Just about the only objective indicator of the severity of a case of M.E is activity level.

Activity monitors can measure miles walked as tens of thousands of steps right down to tens of "steps" as an M.E patient shifts their leaden body-weight in bed.

But there are two important limitations of using step-counting to produce a snapshot of M.E.

Firstly, M.E is experienced as illness following exertion, but not necessarily physical exertion. Intellectual activity also brings on malaise as do heightened states of alertness due to stress or intense emotion.

I measure physical effort in steps and I attempt to measure my intellectual exertion by measuring my output in words. Yes, some words come easier than others, but then the same is true for steps also. It's only a rough guide.  My physiological responses to stress or emotion are, however, harder to quantify.

Existing, as we do, within groups of muscles set in opposition to each other it is quite possible to be highly actively *inert*.  Holding one's body in extreme non-productive tension seems like a foolish thing to do with M.E, so I get around the measuring limitation by avoiding these forms of activities wherever I can - or at the very least expressing my tension, through exertion, or verbally.

The second limitation of activity monitoring is when an entire day's activity and sleep are reduced down to a single step-count.

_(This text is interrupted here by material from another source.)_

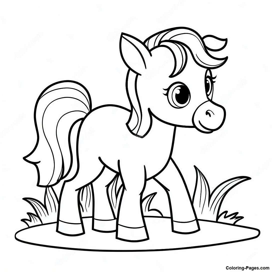 Adorable Baby Horse Playing Coloring Page
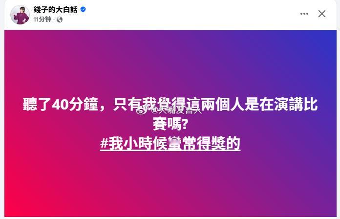 今天下午,巅峰对决,对岸蓝白俩大话筒开始竞赛,你吹一个我吹一个,图2老蓝女钱子也表示没听懂俩人在说啥 , , ,

This loses vital information about when activity and inactivity are occurring and this tends to unhelpfully group patients at very different stages of M.E together.

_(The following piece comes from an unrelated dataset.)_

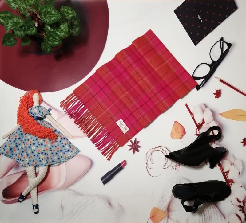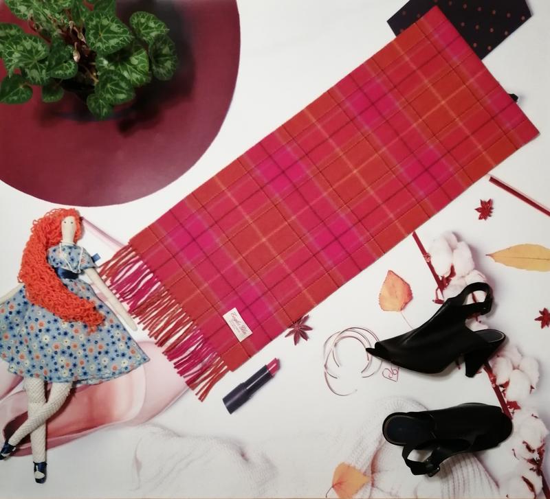 Цвета в шарфике-оранжевый розовый коричневый желтый бледно-голубой

For example, we may have two patients, each reporting 1,000 steps in a day, the first gaining these through a smooth, sustainable activity-curve, while the second is stumbling through their day in violent fits and starts. I know which of these two I'd put money on to benefit from exertion increase and which will surely worsen as a result.

Sleep measurement is also vital within the management of M.E. Electronic devices in the home are catching up in this regard, though it is often hard to interpret the information presented. What is clear is that a few more minutes of REM sleep can make all the difference in the world to one's mental outlook and concentration and that a single, sustained, sleep *during the night* gives the best chance of activity the following day. However, as with activity, changes to sleep cannot, I think, be usefully imposed from above. Within M.E, improvement and recovery of function is nurtured and grown.


M.E patients can chart their steps and sleep automatically. All M.E patients should be doing this. It is not enough to say to the doctor "exercise hurt me", both doctor and patient must be able to see the effect of any and every event or intervention on a patient's ongoing level of activity over time. If exertion truly leaves a scar, then let it be recorded. Let it be seen by all.